3月末、世界保健機関(WHO)の専門家委員会の助言を受け、ポリオと麻疹の大規模予防接種キャンペーンは、ウイルスの蔓延を防ぐため一時停止されました。その結果、WHOのポリオ撲滅責任者であるミシェル・ザフラン博士は、「5歳未満の数百万人もの子どもたちが依然として感染リスクを抱えながら、予防接種を受ける機会を失っています」と述べています。

階段を掃除する清掃員

子どもたちを楽しませる方法から、この感染拡大が経済に及ぼす影響まで、WIRED のあらゆる記事を一か所にまとめました。 

この一時停止はコロナウイルスとの闘いにプラスに働く。ザフラン氏によると、55カ国でポリオ撲滅キャンペーンに携わるWHO職員、コンサルタント、研究所職員約3,700人が、新型コロナウイルス感染症対策に派遣されているという。しかし、これは30年にわたるキャンペーン運営にとって深刻な危険となる。「地域社会は懸念しています」と、キャンペーンのパートナーであるロータリー・インターナショナルの国際ポリオプラス委員会副委員長、ジョン・セバー博士は述べている。ロータリーの会員は、20億回以上のポリオワクチン接種を実施してきた。「しかし、私たちは新型コロナウイルス感染症の問題の重要性を認識しています。予防接種プログラムを一時停止することは構いませんが、できるだけ早く本格的に再開するつもりです。」

ポリオ撲滅キャンペーンにとって、この強制的な中断は厳しい年に加えて起こった。1988年に開始された当初は、毎年約35万人の子どもがポリオによって麻痺を患っていたが、多国籍の取り組みによってポリオはほぼ撲滅された。2018年には、世界で自然発生的に発生した症例はわずか33件で、さらに、一部のワクチン製剤に使用された弱毒化ウイルスが毒性を取り戻し、麻痺を引き起こした症例が25件あった。

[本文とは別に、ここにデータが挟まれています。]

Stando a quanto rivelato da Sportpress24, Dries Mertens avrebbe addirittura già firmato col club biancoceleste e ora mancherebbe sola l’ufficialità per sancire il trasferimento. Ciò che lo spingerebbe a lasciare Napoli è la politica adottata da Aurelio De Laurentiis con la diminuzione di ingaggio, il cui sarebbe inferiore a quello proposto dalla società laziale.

しかし、2019年にはポリオが再び増加し始め、自然発生型のポリオ(糞便や汚染された水を介して子どもから子どもへと感染する)が176件、ワクチン由来ポリオと呼ばれるタイプのポリオが366件発生しました。今年5月13日までに、野生型ポリオが59件、ワクチン由来ポリオが104件発生しました。しかも、これは年間で最も感染リスクが高いとされる熱帯雨季がまだ到来していないにもかかわらずです。

これらの数字はひどいものですが、もっとひどい状況になる可能性もありました。キャンペーン開​​始以来、継続的なワクチン接種のおかげで、ポリオの年間症例数は数百件に抑えられています。なぜこれほど多くの接種が必要なのか、少し説明が必要です。

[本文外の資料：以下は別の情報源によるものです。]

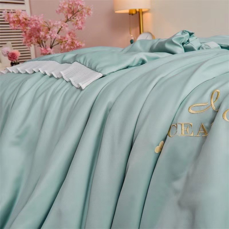 Giới thiệu Bộ chăn gối lụa thêu chăn hè- Chất liệu phi lụa tencel mềm mịn mướt mát thích hợp mùa hè, miễm phí may chun

ポリオワクチンは実際には2種類、少なくとも2種類存在します。不活化ウイルスを用いて免疫反応を誘発する注射ワクチンと、弱毒化した生ウイルスを用いる経口ワクチンです。免疫を獲得するには、どちらも生後数ヶ月の間に複数回の接種と、その後の追加接種が必要です。(2種類ある理由は、2人の科学者、最初の注射ワクチンを開発したジョナス・ソークと、数年後に経口ワクチンを考案したアルバート・セービンの間の、はるか昔に繰り広げられた激しい競争に遡ります。)

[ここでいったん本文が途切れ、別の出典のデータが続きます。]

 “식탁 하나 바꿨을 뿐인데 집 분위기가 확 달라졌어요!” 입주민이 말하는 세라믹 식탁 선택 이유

注射剤は製造と投与にコストがかかります。なぜなら、注射を行うには訓練を受けた医療従事者が必要であり、また、注射後の注射針を廃棄するための確立されたシステムも必要だからです。ほとんどの先進国では注射剤が使用されています。しかし、ポリオ撲滅キャンペーンでは経口ワクチンが利用されています。経口ワクチンは製造コストが安く、投与も簡単です。子供の口にワクチンを点滴するだけで済みます。

弱毒化されているものの生きたウイルスを使用することには、利点とリスクが伴います。利点は、ウイルスがまだ生きているため、摂取された後も腸内で増殖し、腸壁の受容体に付着することです。つまり、免疫を誘発するウイルスは便とともに体外に排出され、衛生状態の悪い場所では他の子どもたちに移行し、彼らの体内で増殖することで、彼らにも免疫力を与える可能性があるのです。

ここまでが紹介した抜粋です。